The attorneys for the longest-serving Republican House speaker in U.S. history, former Rep. Dennis Hastert of Illinois, have asked leniency in his sentencing for violating federal banking laws. Hastert had been paying hush money to a former student he had sexually abused. At the same time, revelations that he may have abused more boys emerged on April 7.
On April 6, Haster’s attorneys gave a statement of apology for the former House speaker and asked a federal judge to give their client probation for his offense, rather than a prison sentence, CNN reports.
“First and foremost, Mr. Hastert is deeply sorry and apologizes for his misconduct that occurred decades ago and resulting harm he caused to others,” Hastert’s attorneys wrote in their statement.
Decades before he became the House speaker, Hastert was a wrestling coach in Yorkville, Illinois. The misconduct he apologized for in court was that he had allegedly molested one of his students.
For years, Hastert paid off his former student to not make the accusations public. In an effort to avoid the scrutiny of federal reporting requirements, Hastert had made 106 separate bank withdrawals to amass $952,000 in payments, Politico reports.
Hastert made a plea deal in 2015. Prosecutors have only sought a sentence of zero to six months in jail, although a federal judge is allowed to make a harsher ruling.
Hastert’s attorneys asked the judge to take Hastert’s years of public service and his ailing health into account. They argued that the public humiliation he had suffered was punishment enough, according to The Huffington Post.
“He knows that, for the rest of his life, wherever he goes, the public warmth and affection that he previously received will be replaced by hostility and isolation,” Hastert’s attorneys wrote.
“Mr.

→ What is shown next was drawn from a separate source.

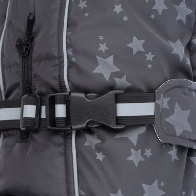 El abrigo para perros Reflecting Stars tiene características muy funcionales. Está fabricado con material hidrófugo , tiene un forro interior termorreflectante y para una mayor protección tiene puños en las patas y cuello alto. Está equipado con elementos reflectantes.

Hastert recognizes that this change is due to his own conduct and is not in any way the fault of others, who rightly disapprove, but iti is nonetheless painful for him,” the attorneys added.
On April 7, the Chicago Tribune revealed that three other former students of Hastert made accusations of sexual molestation, accounts that Illinois law enforcement found credible.
One of Hastert’s accusers died decades ago, but his sister will testify in court that Hastert had sexually abused her brother.
Among other revelations is that Hastert had contacted a family member of one of his alleged victims to request a character reference.
Hastert is scheduled to be sentenced in April 27. The statute of limitations for his alleged sexual abuse of students has already been reached and he cannot be tried for those alleged crimes.